» **Assignment**
Pictures within the data are to be left out; everything else must be reproduced exactly.

» **Collected material**
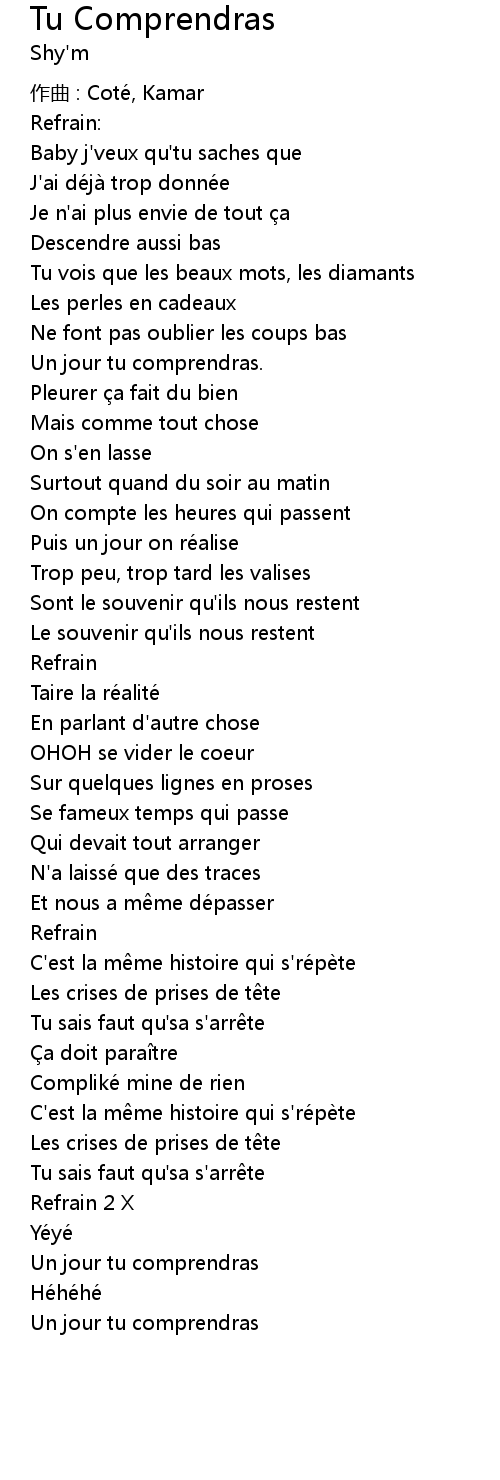 | Song | Tu Comprendras |
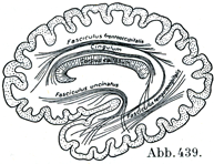 1. 菱脳ヒモTaenia rhombencephali.これは閂(326頁)において始まり,後索の上端の前を斜めに索状体に移ってゆき(図421, 422),第四脳室外側陥凹の縁をなして,ついで小脳に達し,ここでは片葉脚と後髄帆とに沿って虫部小節に達している(330頁).それゆえ菱脳ヒモは他側のそれといっしょにして考えると,輪状をなしている.
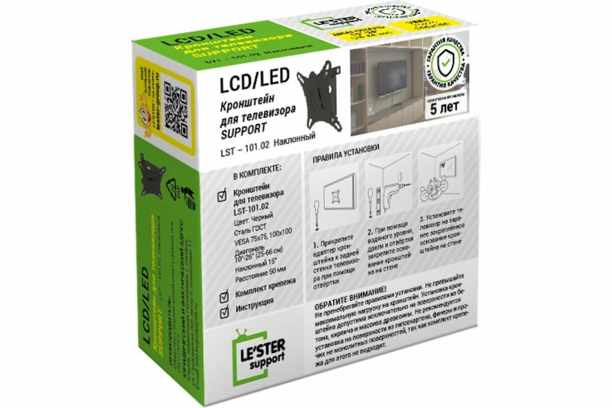 Ниже Вы можете прочитать отзывы на Кронштейн LE'STER LST-101.02, для ТВ, наклонный, 10"-32", 50 мм от стены, черный, ознакомится с подробными характеристиками, посмотреть интересные обзоры и фотографии на Кронштейн LE'STER LST-101.02, для ТВ, наклонный, 10"-32", 50 мм от стены, черный.

» **Response to this exercise**
 | Song | Tu Comprendras |
 1. 菱脳ヒモTaenia rhombencephali.これは閂(326頁)において始まり,後索の上端の前を斜めに索状体に移ってゆき(図421, 422),第四脳室外側陥凹の縁をなして,ついで小脳に達し,ここでは片葉脚と後髄帆とに沿って虫部小節に達している(330頁).それゆえ菱脳ヒモは他側のそれといっしょにして考えると,輪状をなしている.
 Ниже Вы можете прочитать отзывы на Кронштейн LE'STER LST-101.02, для ТВ, наклонный, 10"-32", 50 мм от стены, черный, ознакомится с подробными характеристиками, посмотреть интересные обзоры и фотографии на Кронштейн LE'STER LST-101.02, для ТВ, наклонный, 10"-32", 50 мм от стены, черный.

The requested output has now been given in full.